GeoNeRF: Generalizing NeRF with Geometry Priors

Mohammad Mahdi Johari,Yann Lepoittevin,François Fleuret
DOI: https://doi.org/10.48550/arXiv.2111.13539
2022-03-21
Abstract:We present GeoNeRF, a generalizable photorealistic novel view synthesis method based on neural radiance fields. Our approach consists of two main stages: a geometry reasoner and a renderer. To render a novel view, the geometry reasoner first constructs cascaded cost volumes for each nearby source view. Then, using a Transformer-based attention mechanism and the cascaded cost volumes, the renderer infers geometry and appearance, and renders detailed images via classical volume rendering techniques. This architecture, in particular, allows sophisticated occlusion reasoning, gathering information from consistent source views. Moreover, our method can easily be fine-tuned on a single scene, and renders competitive results with per-scene optimized neural rendering methods with a fraction of computational cost. Experiments show that GeoNeRF outperforms state-of-the-art generalizable neural rendering models on various synthetic and real datasets. Lastly, with a slight modification to the geometry reasoner, we also propose an alternative model that adapts to RGBD images. This model directly exploits the depth information often available thanks to depth sensors. The implementation code is available at <a class="link-external link-https" href="https://www.idiap.ch/paper/geonerf" rel="external noopener nofollow">this https URL</a>.
Computer Vision and Pattern Recognition
What problem does this paper attempt to address?

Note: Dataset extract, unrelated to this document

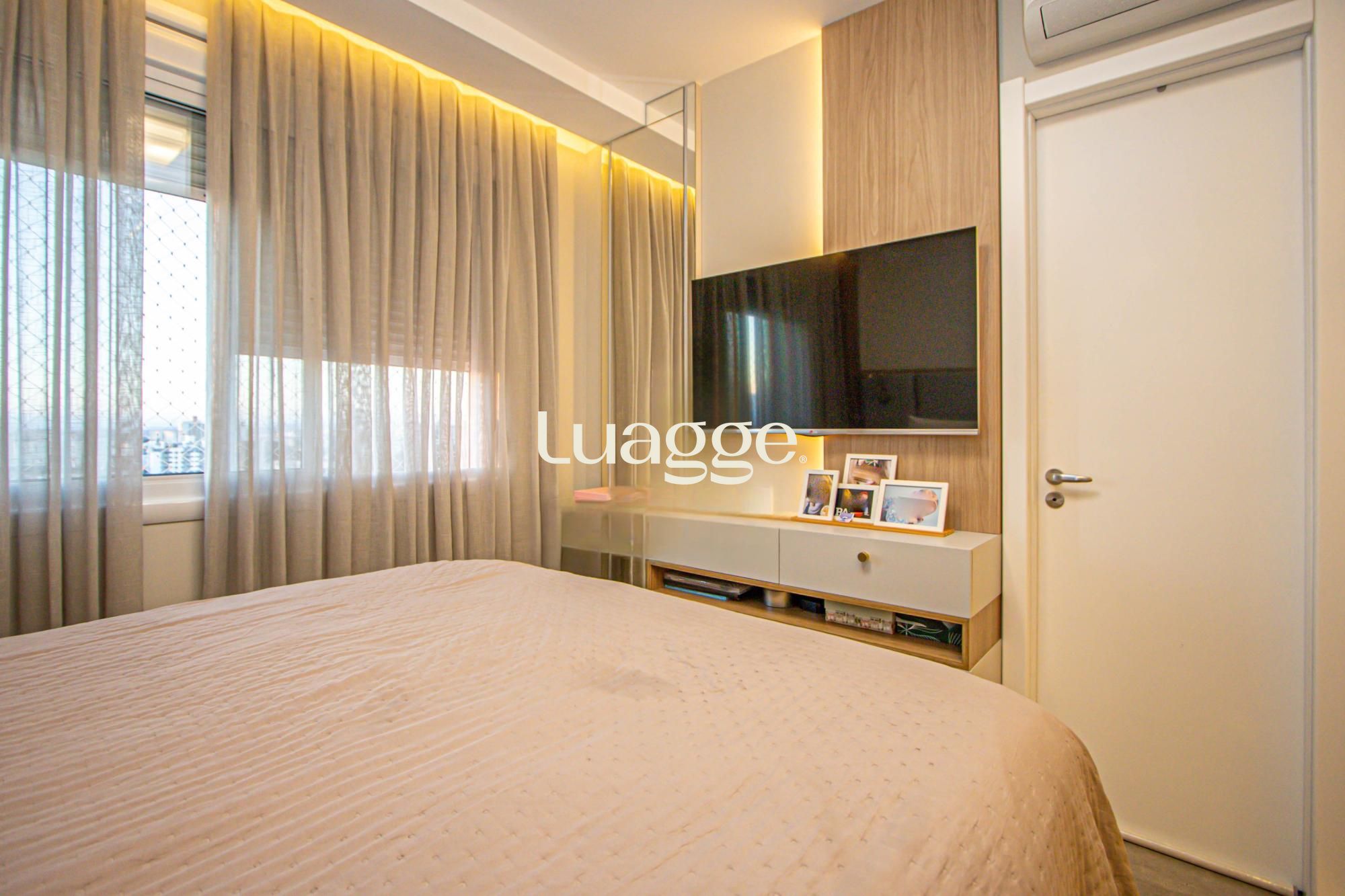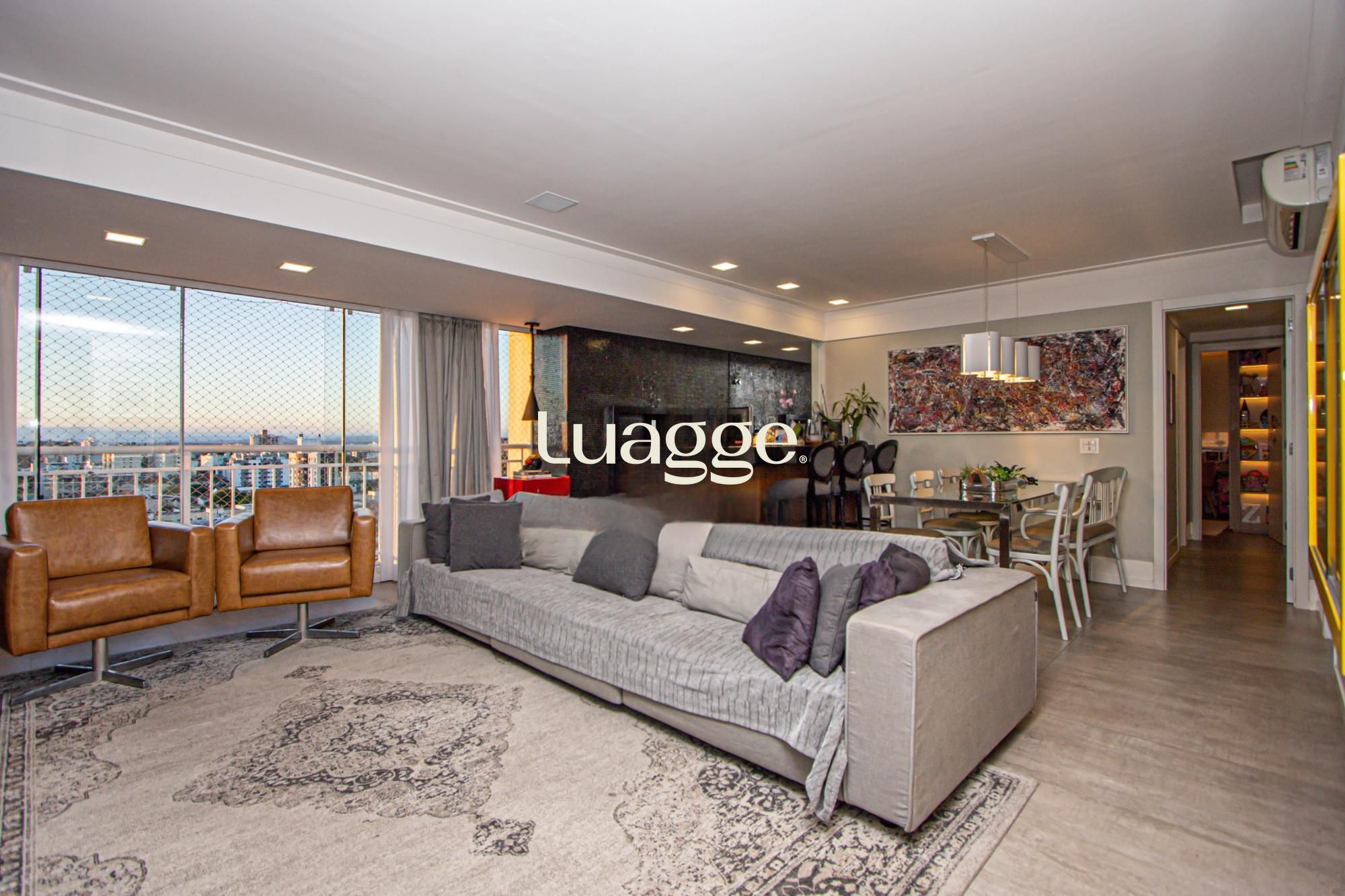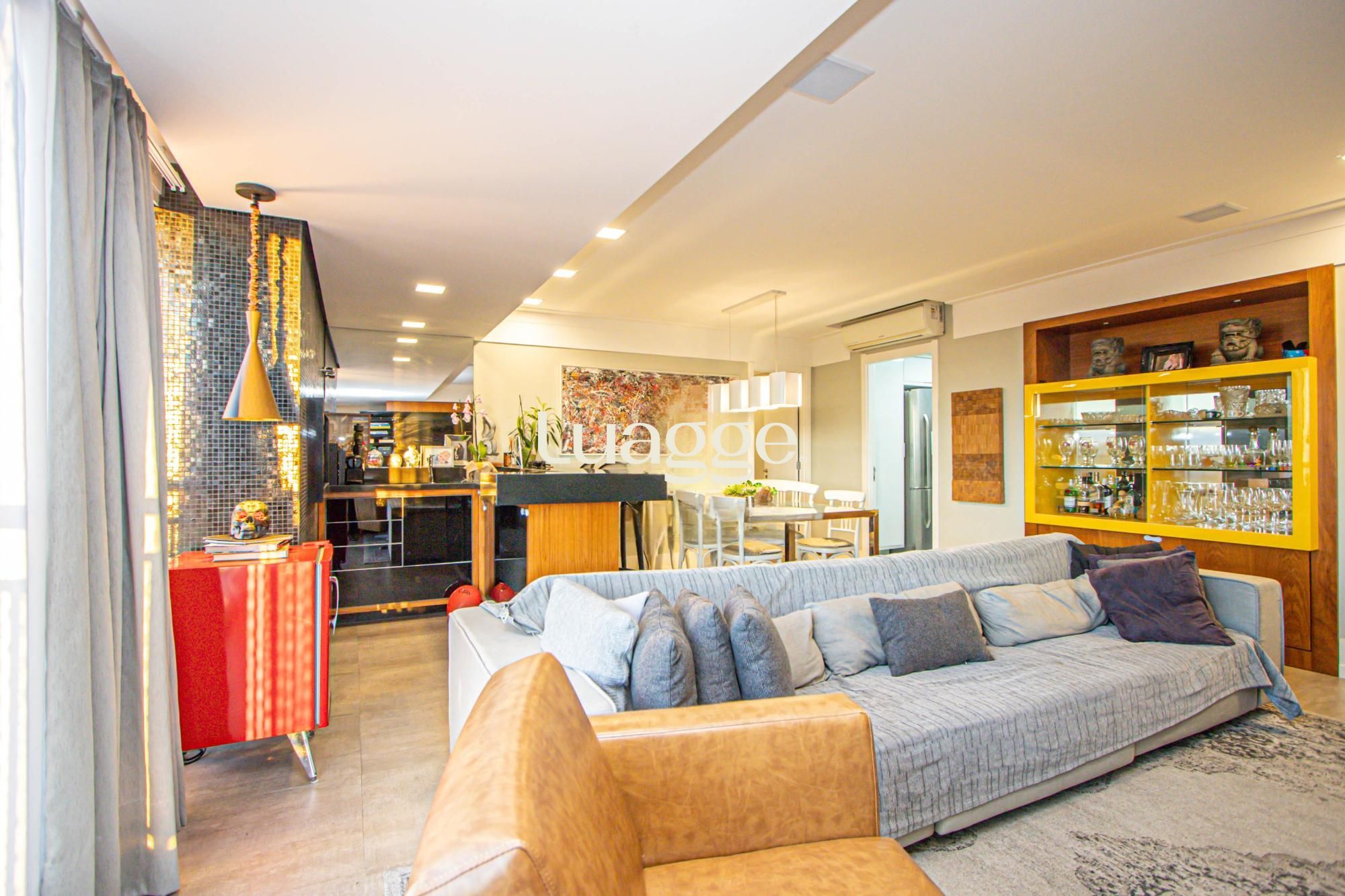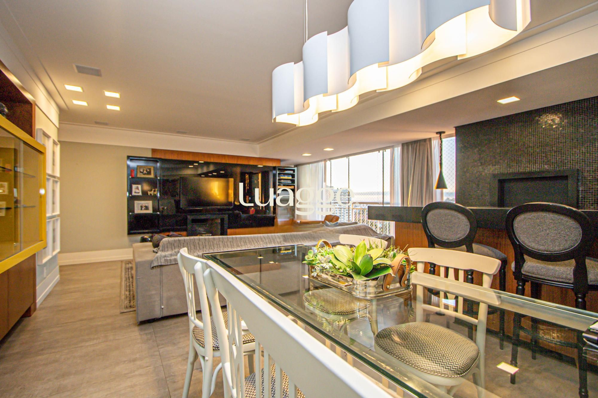 Apartamento totalmente mobiliado, living amplo com dois ambientes, churrasqueira e lareira, cozinha equipada com eletrodomésticos, lavabo, área intima com 03 suítes, todos ambientes climatizados com split. 02 vagas de garagem separadas e cobertas.

The problem that this paper attempts to solve is the limitations of the existing Neural Radiance Field (NeRF) technology when dealing with new scenes. Specifically: 1. **Limitations of NeRF**: - NeRF needs to be trained from scratch for each scene, which is both time - consuming and requires a large amount of densely - collected image data. - The optimization process for each scene is very long and has high computational costs. 2. **Deficiencies of existing improvement methods**: - Although some methods such as pixelNeRF, GRF, MINE, SRF, IBRNet, MVSNeRF and NeRFormer attempt to generalize NeRF by extracting features from source images, these methods have limited understanding of scene geometry and occlusion, resulting in unwanted artifacts in the rendering output. - MVSNeRF generalizes NeRF by constructing a low - resolution 3D cost volume, but has difficulties in rendering detailed images and dealing with occlusions in the scene. 3. **Goals of GeoNeRF**: - **Improve generalization ability**: GeoNeRF aims to improve the generalization ability of NeRF in unseen scenes by introducing a geometric reasoner and a renderer, reducing the need for per - scene optimization. - **Improve rendering quality**: By using cascaded cost volumes and attention mechanisms, GeoNeRF can better handle occlusions and details, thus generating higher - quality images. - **Reduce computational costs**: GeoNeRF can achieve results comparable to per - scene - optimized NeRF with a small amount of computational resources, significantly reducing training time and computational costs. In conclusion, GeoNeRF aims to solve the limitations of NeRF in generalization ability and rendering quality by improving geometric reasoning and rendering mechanisms, making it more efficient and accurate when dealing with new scenes.